I’m including ‘Billie’ in a list of 10, geared to winning the Racing Post Ten To Follow competition. From a Lucky Seven I gave earlier, Alfa Beat, Fingal Bay and Highland Valley are not in the competition list. So I need six more for the ‘Ten.’

I think you must have the champion trio of Big Buck’s, Hurricane Fly and Long Run, with short odds that two of the three – maybe all three, but unlikely – will retain their big-race crowns, pulling in bonus points.

But improvers such as Billie Magern, and my two other youngsters, First Lieutenant and Dan Breen, are sequence horses at a lower level (good for points) or surprise winners in key races at big prices (even better for bonus points).

The survivors of my original seven are Bostons Angel, Mon Parrain, Thousand Stars and Zarkanda, which I summarise in the revised list given below:-

Big Buck’s After 12 straight wins, the triple World Hurdle champion has already seen off the likes of Grands Crus, and we remember that, though Baracouda’s reign ended at eight years old, Inglis Drever was still winning the title at nine.

Billie Magern That’s the one. After four consecutive wins in novice chases, he was down the field in the Kim Muir but his rating peaked after a comeback win at Cheltenham last month and more improvement can now be expected of a horse who has in fact landed a four-timer twice in his career.

Bostons Angel The RSA winner has courage in abundance.

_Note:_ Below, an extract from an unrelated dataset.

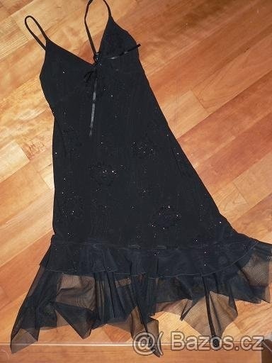 Nabízím společenské černé dlouhé šaty ze stříbrným zdobením

On both good ground and heavy, it was his determination that got him home, usually by less than a length. Forget his comeback run with the stable out of form.

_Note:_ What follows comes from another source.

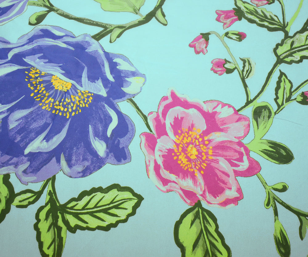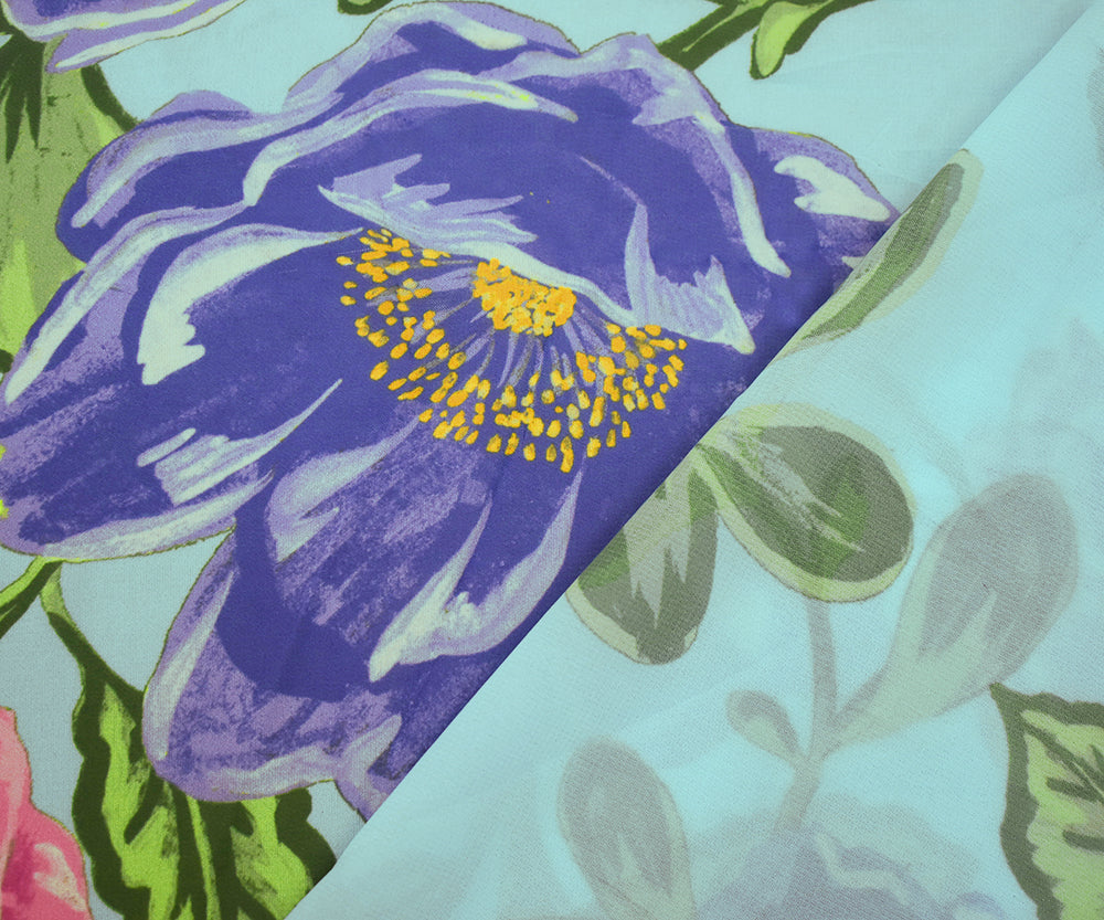 Blue-Pink-Multi Floral Printed Poly Chiffon Woven Fabric

Dan Breen Reckoned a sure-fire improver for David Pipe. Seemingly disappointing in the Arkle (seventh) at Cheltenham and in the Maghull Novices at Aintree but had a lot of filling out to do. Still only six.

First Lieutenant has never been out of the frame. Winner of the Neptune over hurdles at Cheltenham in March, he’s already had three runs since the beginning of October, improving every time, significantly reversing a defeat by De Valira.

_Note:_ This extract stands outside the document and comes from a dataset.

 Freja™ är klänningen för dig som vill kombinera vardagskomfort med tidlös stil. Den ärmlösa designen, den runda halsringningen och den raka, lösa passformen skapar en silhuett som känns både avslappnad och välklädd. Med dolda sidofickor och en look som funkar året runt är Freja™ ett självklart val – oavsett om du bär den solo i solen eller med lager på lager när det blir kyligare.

He’ll be another points-earning sequence horse, definitely with a run before Christmas and, in the words of trainer Mouse Morris, won’t be taking on the big guns at this stage.

Hurricane Fly Six wins in a row, and 11 out of 13, the Champion Hurdle winner – it was his eighth Grade 1 success, jumping superbly – is not going to let go of the crown in a hurry. Acts on any going.

Long Run Never out of the first three, with 12 wins from 18 starts, he became the first six-year-old to win the Gold Cup since Mill House in 1963, a horse obliged to live in the shadow of the mighty Arkle.

There are no Arkles to worry Long Run, who was equally at home on the flat track at Kempton Park, winning the King George in devastating style.

Mon Parrain On only his second start in England, and only five years old, was made favourite for the Topham on the back of a fast-run 22-length Sandown slaughter of the opposition on his debut here.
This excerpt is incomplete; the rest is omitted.